To paraphrase Mortimer Adler, one of the founders of the Great Books Program, great ideas seek truth and must be discussed seriously. They demand more than idle chit-chat. Reading for enlightenment demands your full attention and engagement. Good readers carry on a dialogue with their books and will have a collection of written notes (reactions, ideas, and questions) afterward. This is why I encourage you all to begin reading journals of your own, something that is separate, and entirely different, from informational class notes. Effective reading requires work and skill.

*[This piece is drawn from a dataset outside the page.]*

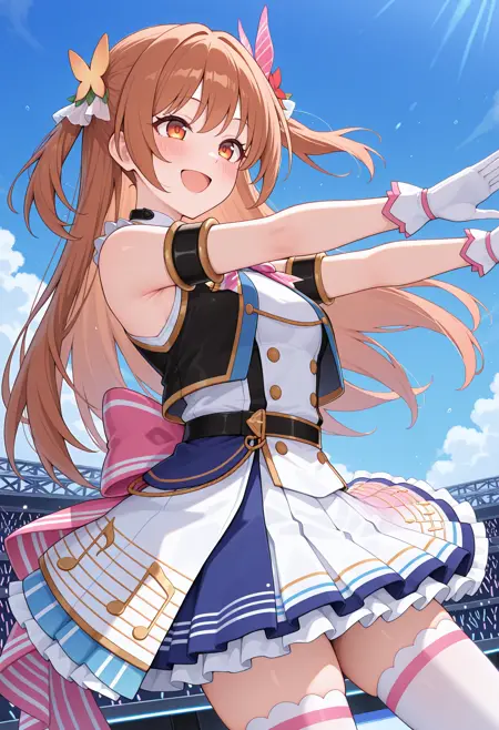 - pnozidol, 양쪽으로 올린 머리, 아이돌, 아이돌 복장, 헤어 플라워, 나비 모양 헤어 장식, 헤어 리본, 줄무늬 리본, 줄무늬 리본넥타이, 리본, 분홍색 리본넥타이, 어깨 노출, 조끼, 이색 조끼, 이색 셔츠, 흰 셔츠, 검은 셔츠, 밴드 유니폼, 음표 프린트, 팔찌, 흰 장갑, 검은 벨트, 흰 스커트, 다색 스커트, 하프 스커트, 그라디언트 스커트, 파란 스커트, 흰 스커트, 프릴 스커트, 층층이 된 스커트, 뒤 리본, 흰 허벅지 양말,
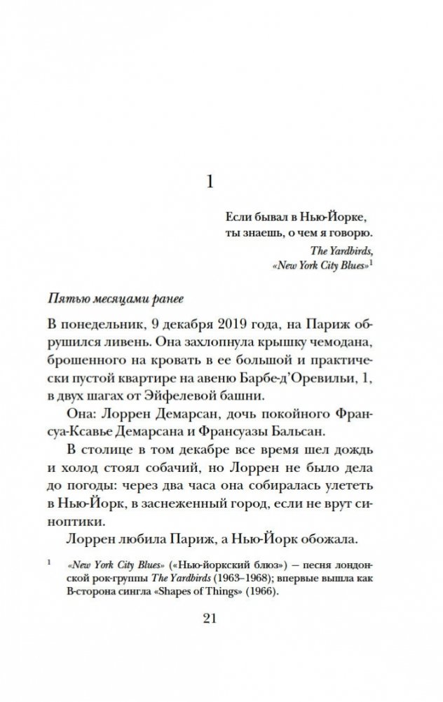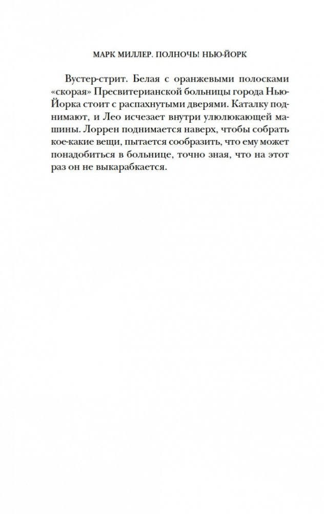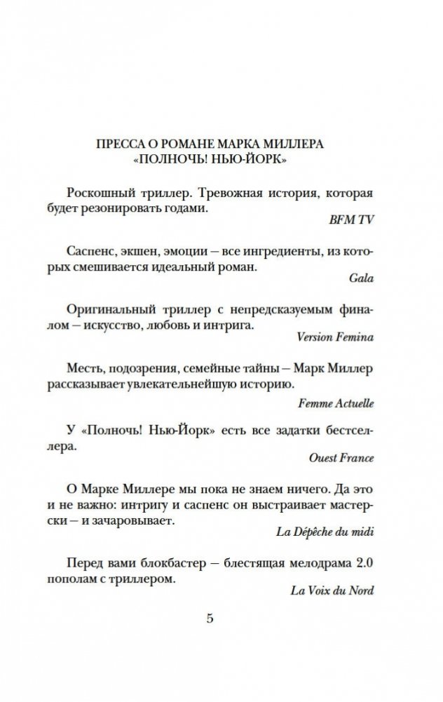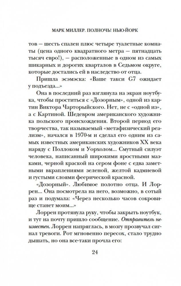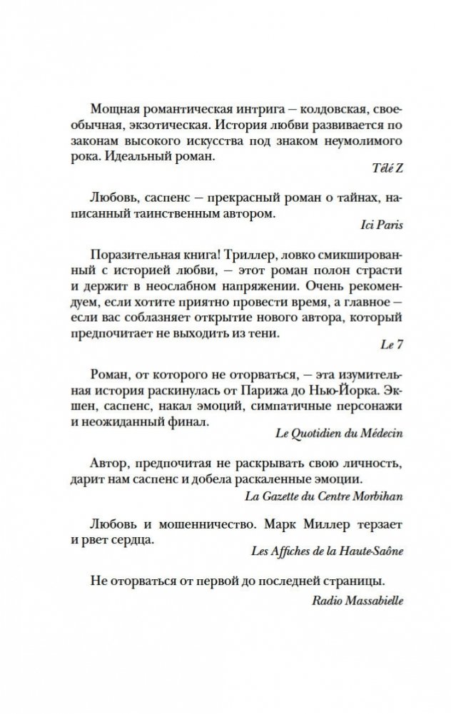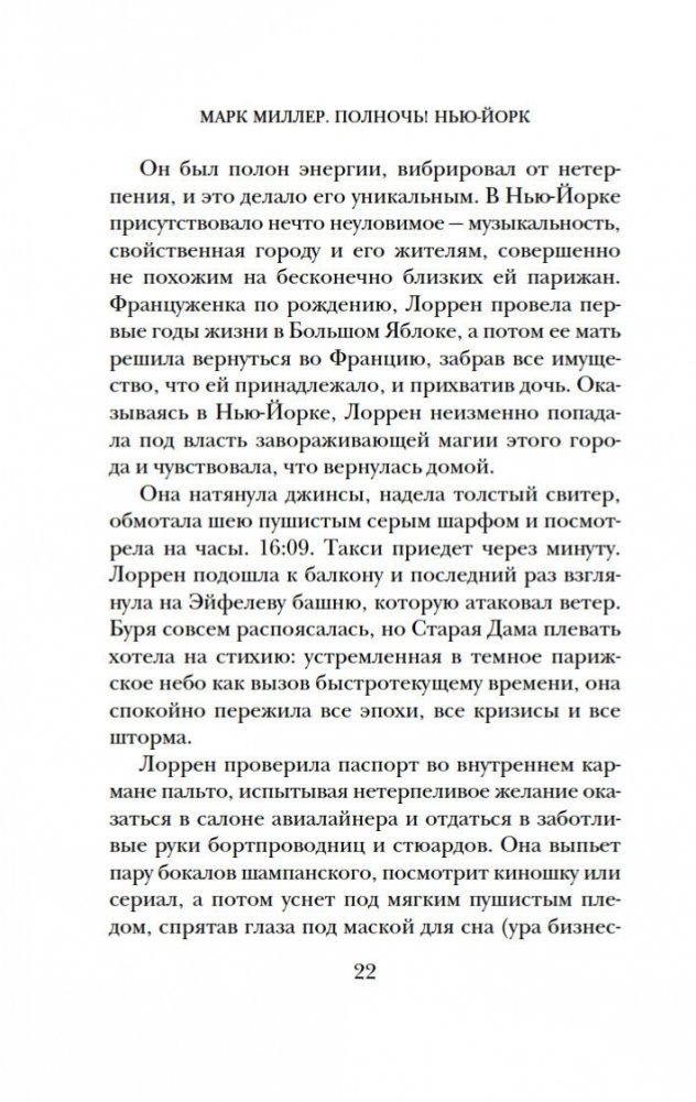 Однажды издателю Бернару Фиксо позвонил незнакомец, француз из Нью-Йорка, — пообещал прислать любопытный роман и бросил трубку. Вскоре под дверью у Фиксо возник пакет с рукописью. Подобные фокусы редко производят впечатление на опытных издателей, но из любопытства Фиксо эту рукопись прочел — и восхитился, и тотчас ее напечатал. Так состоялся громкий дебют Марка Миллера, самого таинственного французского автора, написавшего эту захватывающую историю. Париж. Лоррен, сотрудница пиар-агентства, тонкая ценительница искусства, едет в Нью-Йорк, где ей предстоит повышение. Неизвестный человек, якобы много лет назад убивший ее отца, шлет ей письма с угрозами, ее жизнь в опасности, но это обстоятельство Лоррен от всех скрывает. Нью-Йорк. Лео, талантливый художник, выходит из тюрьмы, где просидел три года за подделку картин великих мастеров. Покупатели подделок недовольны, и на свободе Лео предстоят крупные неприятности. Конечно, эти двое встретятся. Конечно, им предстоят великие испытания и великая любовь. И конечно, их общая история превратится в головокружительное приключение, потому что их жизни переплелись много лет назад, хотя оба они об этом не подозревают, а угрозы преследователя отнюдь не пусты. Марк Миллер написал романтичную и напряженную историю, в которой смешались любовь, искусство, алчность, тайны происхождения и непредсказуемость судеб. Что еще нужно для увлекательного романа? Знать, кто его написал, — но имя автора окутано тайной. Марк Миллер тщательно оберегает свое инкогнито, и критики, превознося его дебют «Полночь! Нью-Йорк», относительно личности автора теряются в догадках вместе с читателями. Перед вами, таким образом, двойная интрига: история Лео и Лоррен и история автора — и одну из этих историй вы дочитаете до финала на одном дыхании.

Spark Notes or a Wiki article WILL NOT lead to an enlightened understanding of a text.

The only books worth reading this way are the books over your head. The Great Books are the books that are worth everybody’s reading because they are over everybody’s head all the time.

Mortimer Adler
IMPORTANT WORD ON NOTE-TAKING

Avoid getting bogged down with detailed notes. Your ideas and Thucydides’ ideas are more important than details of the war. You want to have notes that 1) sum up major arguments/themes 2) refresh your memory about questions you had while reading or the connections you made to other texts or situations 3) capture some key quotations, and 4) provide page numbers so you can return to the text during discussion.